I've been working on the proof via a suggestion given in another posting: show that $f(z) = \overline{f(\bar{z})}$ by looking at the conformal automorphisms of the unit disc. I see how the result follows directly if this claim is proven, but I'm having difficulty in showing the claim itself.
My work so far:
Let $g:D\rightarrow D$ be a conformal automorphism of the unit disc.
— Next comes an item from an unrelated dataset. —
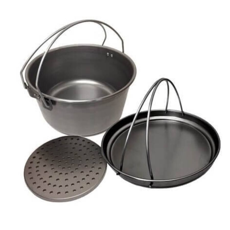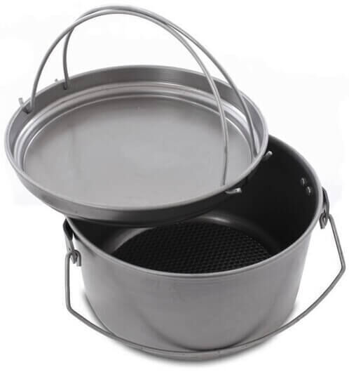 Alternatively, the lid doubles as a handy frypan so you can sit it on top of your hot coals and cook some bacon and eggs for breaky or use the strong lifting handle to suspend the oven from a tripod for cooking or boiling water over an open flame.
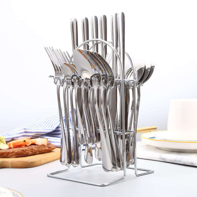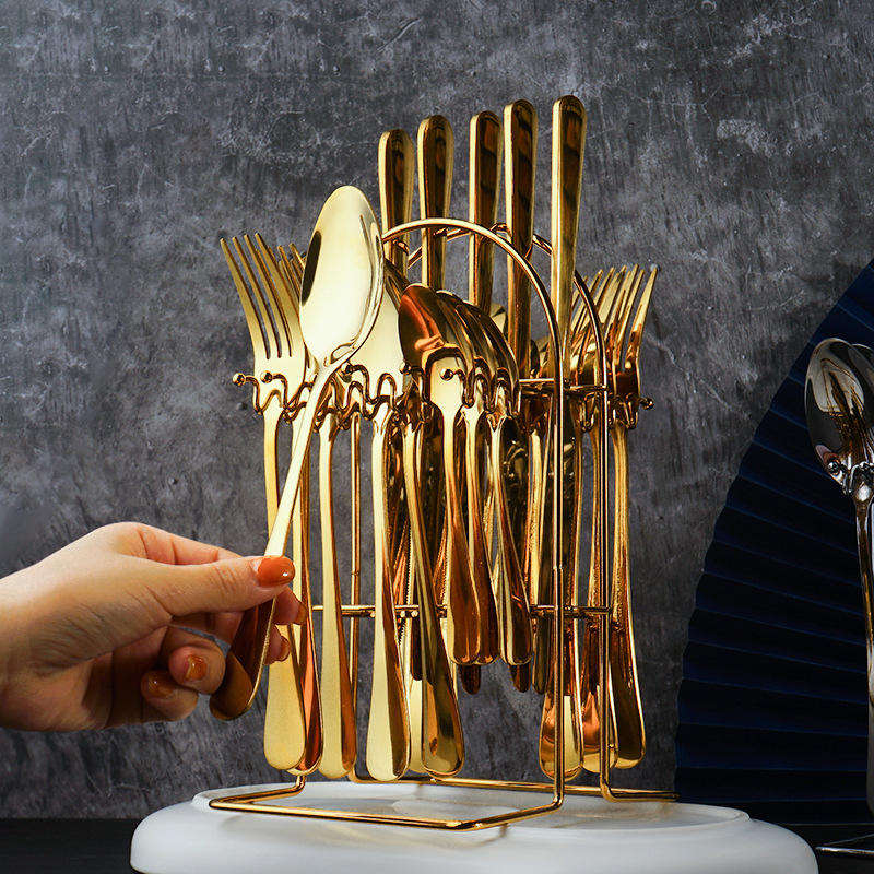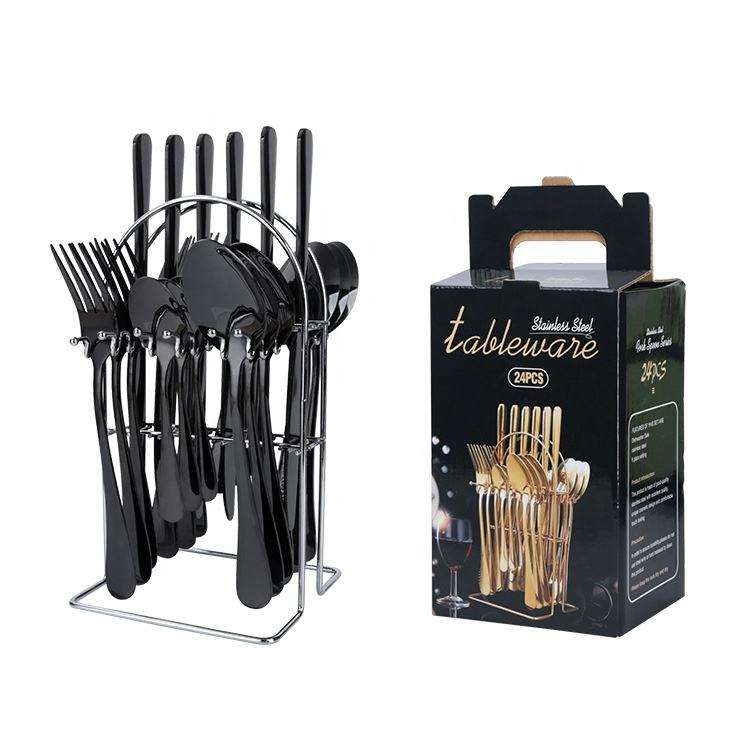 ชุดช้อนส้อมเครื่องเงินชุดหรูหราพร้อมที่ยึดบล็อกแม่เหล็ก24ชิ้นช้อนของขวัญช้อนสแตนเลสใช้ในบ้าน

Then $g$ must have the following form: $g(z) = e^{i\theta}\dfrac{z-\alpha}{1-\bar{z}\alpha}$.
I then look at $g(f(z))$ and demand that it have the same properties as $f$, namely, that $g(f(a)) = 0$ and $g'(f(a))f'(a)>0$. But then $g(z) = z$, which I then realized was obvious from the beginning, because $f$ is the unique function guaranteed by the Riemann Mapping Theorem....
I've also played around with specific curves in $G$. Let $C_1$ denote the real axis passing through $G$, and $C_2$ the perpendicular line passing through $a+iy$ and $a-iy$, where $y>0$ is such that $a+iy\in G$. Clearly, the angle between $C_1$ and $C_2$ is $\dfrac{\pi}{2}$ at $a$. Shifting $C_1$ by $it$, we maintain this right angle at $a+it$, $0\leq t\leq y$.
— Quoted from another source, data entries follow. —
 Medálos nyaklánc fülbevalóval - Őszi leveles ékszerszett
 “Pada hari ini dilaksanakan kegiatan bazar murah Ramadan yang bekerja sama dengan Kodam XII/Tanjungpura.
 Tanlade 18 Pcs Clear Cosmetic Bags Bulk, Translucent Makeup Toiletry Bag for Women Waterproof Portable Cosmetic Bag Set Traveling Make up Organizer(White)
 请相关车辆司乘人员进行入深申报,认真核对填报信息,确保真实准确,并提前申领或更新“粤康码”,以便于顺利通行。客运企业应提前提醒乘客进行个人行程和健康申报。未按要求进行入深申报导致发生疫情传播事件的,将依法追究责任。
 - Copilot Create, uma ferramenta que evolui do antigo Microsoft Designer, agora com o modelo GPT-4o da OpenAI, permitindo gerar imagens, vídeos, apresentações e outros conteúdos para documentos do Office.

By the conformality of $f$ (and some unsightly calculations), I can then show that $f'(a+it) = f'(a-it)$, $0\leq t\leq y$. This is nifty. It'd be niftier if I could get it for all $a\in G\cap\mathbb{R}$ and then maybe do an integration trick.
Any help would be greatly appreciated. I am teaching myself these things in preparation for a qualifying exam, so nothing is too basic to point out.
(Meta comment: I would have asked this question in response to the cited posting, but my reputation isn't high enough yet. Also, I think the solution to this particular question must be simpler than the generalization provided in the previous posting.)
Generally, for every holomorphic function $f \colon U \to \mathbb{C}$, the function $g \colon z \mapsto \overline{f\left(\overline{z}\right)}$ is holomorphic on the domain $V$ obtained by reflecting $U$ in the real axis. That is most easily seen by expanding $f$ into power series or the Wirtinger calculus. Both ways also show that we have $g'(z) = \overline{f'\left(\overline{z}\right)}$ on $V$.
Here, the domain $G$ and the image $\mathbb{D}$ are symmetric with respect to the real axis, so the complex conjugation is a bijection on each. Hence $h\colon z \mapsto \overline{f\left(\overline{z}\right)}$ is a bijection, since it is the composition of three bijections. By the first paragraph, it is also holomorphic, and thus biholomorphic. Further, we have $h'(a) = \overline{f'\left(\overline{a}\right)} = f'(a)$ since $a\in \mathbb{R}$ and $f'(a)\in \mathbb{R}$.
So $h$ and $f$ are biholomorphic maps between $G$ and the unit disk $\mathbb{D}$ with $h(a) = f(a) = 0$ and $h'(a) = f'(a) > 0$. With the uniqueness part of the Riemann mapping theorem it follows that $h = f$. Without that uniqueness part, the Schwarz lemma applied to the map $g = f\circ h^{-1}\colon \mathbb{D}\to \mathbb{D}$ which satisfies $g(0) = 0$ and $g'(0) = 1$ yields $g = \operatorname{id}_\mathbb{D}$, and hence $h = f$.